ISLAMABAD, May 9: The Capital Development Authority (CDA) has bypassed proper approval channels to charge additional development cost from the allottees of sector D-12, although it has a gross profitability of Rs1.9 billion, investigations by Dawn show.
It sought authorization of President Gen Pervez Musharraf for levying additional charges before the same were approved by the Executive Committee of the National Economic Council (Ecnec).
The CDA, records showed, filed an appeal before President Musharraf against the decision of the federal ombudsman, who had specifically directed the authority not to charge additional development charges from the allottees.
“The president was given a wrong picture that the CDA was incurring a loss and, therefore, the increase in price was necessitated,” sources said.
After permission for charging increased developmental cost was accorded by the president, the project was submitted to Ecnec which rubber-stamped the president’s decision, they said.
According to standard procedures, Ecnec is the decision making-body for approving developmental projects, and summaries are not sent to the forum after approval of the president.
When contacted, CDA spokesperson Rawal Khan Maitla, rejected the allegation that the authority painted a false picture to the president for getting his approval. “Actual figures were given to him, based on the calculations done by the finance department,” he added.

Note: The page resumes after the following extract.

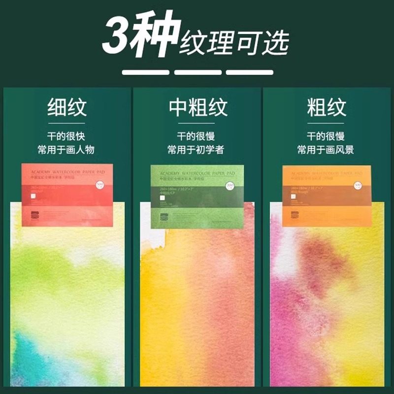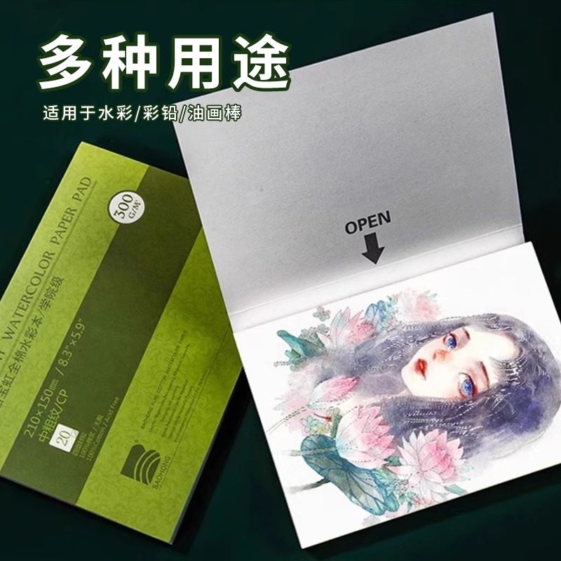 宝虹棉浆水彩纸300g水彩本四面封胶绘画本学院级画纸中粗纹儿童手绘画画专用纸手绘本涂鸦绘画纸美术生用细纹

In response to the objections raised by the relevant authorities on charging additional development cost, the CDA had maintained that a case against the judgment of federal ombudsman was referred to the President Secretariat for decision.
Records showed that the Central Development Working Party (CDWP) and Ecnec, while approving the project, had questioned the authority’s decision to charge additional development charges.
A CDWP meeting had observed: “It is, therefore, for consideration whether the CDA needs to recover additional surcharge from the old allottees of Sector D-12 or not.”
The Ecnec, before approving the project, also noted: “The issue is whether the CDA should recover additional amount of Rs520 million as additional surcharge despite a substantial surplus.”
The authority was also asked to reconsider recovery of additional surcharge from old allottees in view of sizable surplus. However, the decision to recover the additional surcharge at the rate of Rs650 per square yard was not revised.
According to official documents, the gross profitability of the project is estimated at RS1.9 billion with a net profit of Rs1.5 billion. The CDA is expected to receive Rs4.03 billion as total recoveries with an estimated amount of Rs2.06 billion as development cost.
The CDA launched the D-12 project without making necessary arrangements to complete it which resulted in colossal increase in the cost.
The Rs788 million project was originally approved in 1988, but the work could not be commenced due to non-availability of land. In May 2001, the authority submitted a revised Rs3.196 million PC-1, showing an increase of Rs2407.816 million or 405 per cent.
Later, the project cost was again revised and shown to be Rs2067 million. The rehabilitation benefits amounting to Rs447 million were excluded from the cost.
The capital cost of D-12 includes Rs267 million for land acquisition and compensation for built up property, and Rs1,271 million for direct development expenditures. The indirect costs amounting to Rs262 million were worked out on cost-sharing basis.
The sector was opened in 1989 and applications were invited for allotment through balloting. Out of a total of 3,445 plots, 2,595 were allotted, and Rs645 million, including a mark-up of Rs172 million, have been recovered by the CDA.
The authority has incurred an expenditure of Rs248 million on land acquisition, possession and compensation for built up property.
The sources said a committee, constituted under secretary planning and development with representatives of ministries of interior, housing and works, and the CDA, was given the task to rationalize the costs.
The committee, they said, decided that the rehabilitation benefits given to the original land owners in the form of residential plots and agro farming plots should be valued at market prices and treated as the cost to be recovered from the allottees of sector D-12.
The old allottees have termed the CDA’s decision to charge additional development cost as violation of the agreement.
The brunt of the cost increase would be borne mostly by the government employees, who were allotted plots in the sector, and many of whom expressed their inability to bear the burden as a result of the authority’s inordinate delays in executing the project in time.
The project is now expected to take another three years for completion.